Только после того, как мы «побачили» и плюс к этому прошло пятьдесят с лишним лет, я могу более или менее реально представить себе тогдашнее нутро плацдарма и положение вокруг него.
К апрелю 1944 года весеннее наступление наших армий уже выдыхалось. Тылы растянулись по всей Правобережной Украине. Вязли в грязи машины, буксовали танки, артиллерия. Пехота, измотанная непрерывными боями, еле волочила ноги по раскисшему чернозему. Немцы уходили за Днестр, вдоль которого спешно создавался «неприступный Днестровский вал». Этот вал должен был преградить нашим армиям путь на Балканы. Что и какие силы помогли нашей вконец измученной пехоте с ходу в ледяной воде переправиться на другой берег Днестра и закрепиться там? Не знаю. Но плацдармы на правом берегу реки появились.
Потом, уже в пятидесятые годы, об этом лаконично скажет немецкий генерал Типпельскирх: «В ходе военного весеннего наступления русские захватили плацдармы у Тирасполя и Григорополя и сумели отразить все попытки немецких войск ликвидировать эти плацдармы» (История Второй мировой войны, 1956).
На Днестре в апреле сорок четвертого года было захвачено четыре плацдарма.
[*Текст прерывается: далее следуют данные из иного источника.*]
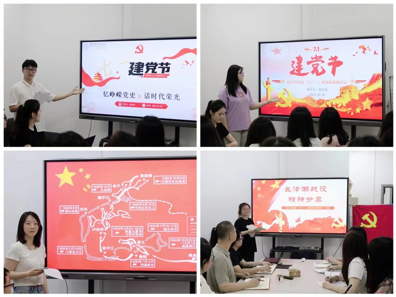 在红色故事分享环节,学生党员徐普淳同志分享了“忆峥嵘党史,话时代荣光”的主题演讲,分别从建党节的由来、回望党的奋斗历程、伟大建党精神的内涵和如何砥砺奋进践初心四个方面进行讲述,带领大家重温红色历史、汲取精神力量,鼓舞大家奋楫扬帆、砥砺前行。随后,学生党员张伊铭同志带领大家学习了“红船精神”,回顾了波澜壮阔的峥嵘党史征程。同志们表示,要不断赋予“红船精神”新的时代内涵,让其绽放新的时代光芒,为奋进新征程提供强大精神动力。学生党员徐晓楠同志带着大家感悟“长征精神”传承红色基因。“长征精神”的学习激励着师生不忘初心走好新时代长征路,发扬自强不息、坚韧不拔的奋斗精神。学生党员王文静同志带领大家观看学习了《血战长津湖》,把大家带回1950年战火纷飞的抗美援朝战场,穿越时空去感悟新中国发展的艰难历程和人民志愿军的伟大奉献精神。

Два южнее Григорополя: первый– под Шерпенью (я о нем уже писал) и второй – в районе Гура-Быкулуй (это тот, на который мы сейчас пришли). В моей памяти он сохранился, как «плацдарм у Красной Горки». Дальше третий, самый большой – Тираспольский плацдарм. В литературе он встречается под названием «Кицканский» или «Южнее Бендер». Я о нем еще напишу. И четвертый – южный, напротив села Незавертайловка.
Итак, мы на плацдарме у Красной Горки.
Как помню, плацдарм был не очень большим, длиною по фронту километров шесть. Он занимал низкую пойму в излучине Днестра. На коренной берег в апреле немцы наших солдат не пустили. Таким образом, мы были у них, как на ладони. Единственным, более или менее скрытным от всевидящих глаз снайперов и артиллерийских стереотруб местом был небольшой отрезок Днестровской поймы напротив села Красная Горка. Именно там и сосредотачивалась вся наземная жизнь плацдарма. Там сейчас сидели мы.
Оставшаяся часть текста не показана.